POSTOPERATIVE DIAGNOSIS: Right frontotemporal chronic subacute subdural hematoma.
TITLE OF THE OPERATION: Right frontotemporal craniotomy and evacuation of hematoma, biopsy of membranes, microtechniques.
INDICATIONS: The patient is a 75-year-old man with a 6-week history of decline following a head injury. He was rendered unconscious by the head injury. He underwent an extensive syncopal workup in Mississippi. This workup was negative. The patient does indeed have a heart pacemaker. The patient was admitted to ABCD three days ago and yesterday underwent a CT scan, which showed a large appearance of subdural hematoma. There is a history of some bladder tumors and so a scan with contrast was obtained that showed some enhancement in the membranes. I decided to perform a craniotomy rather than burr hole drainage because of the enhancing membranes and the history of a bladder tumor undefined as well as layering of the blood within the cavity. The patient and the family understood the nature, indications, and risk of the surgery and agreed to go ahead.

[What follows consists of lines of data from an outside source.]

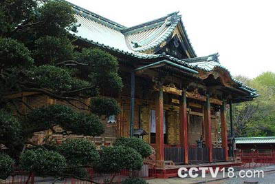 从上野公园僻静的角落折进去,在动物园的后面是供奉幕府将军德川家康的神社。德川家康统一了日本,建立了东京,他的家族曾经统治日本达250年之久。这座神社峻工于1651年,像日光的东照宫一样(见68页)极度奢华,画栋雕梁。这也是东京仅有的一个"国宝"级神社。门柱上雕刻的龙和神社内四组动物画,均出自于17世纪的艺术家之手。
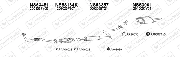 NISSAN SUNNY III (N14, B13) 1.4 i 16V - Výfukový systém - kompletní od 10/1990 do 6/1995, 1392 ccm, 64 kW, 87 hp, GA14DE, limuzína
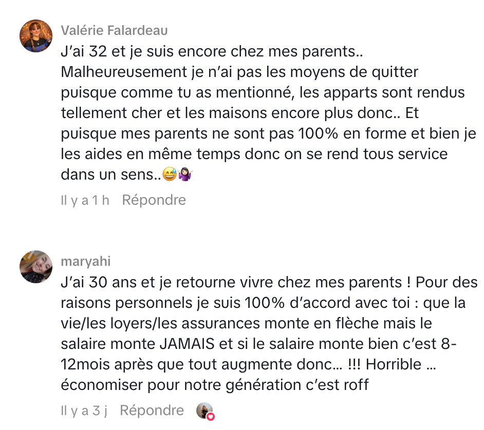 Les propos de Marie-Jade soulèvent une réalité de plus en plus répandue chez les jeunes adultes : celle de prolonger la vie chez les parents, non par confort excessif, mais par choix réfléchi face à un contexte économique difficile. Son point de vue met en lumière un décalage entre les attentes sociales traditionnelles quitter le nid familial tôt et les contraintes actuelles, notamment le coût élevé des loyers et de la vie en général.

Estimated blood loss for the case was less than 30 mL. Sponge and needle counts were correct.
FINDINGS: Chronic subdural hematoma with multiple septations and thickened subdural membrane.
I might add that the arachnoid was not violated at all during this procedure. Also, it was noted that there was no subarachnoid blood but only subdural blood.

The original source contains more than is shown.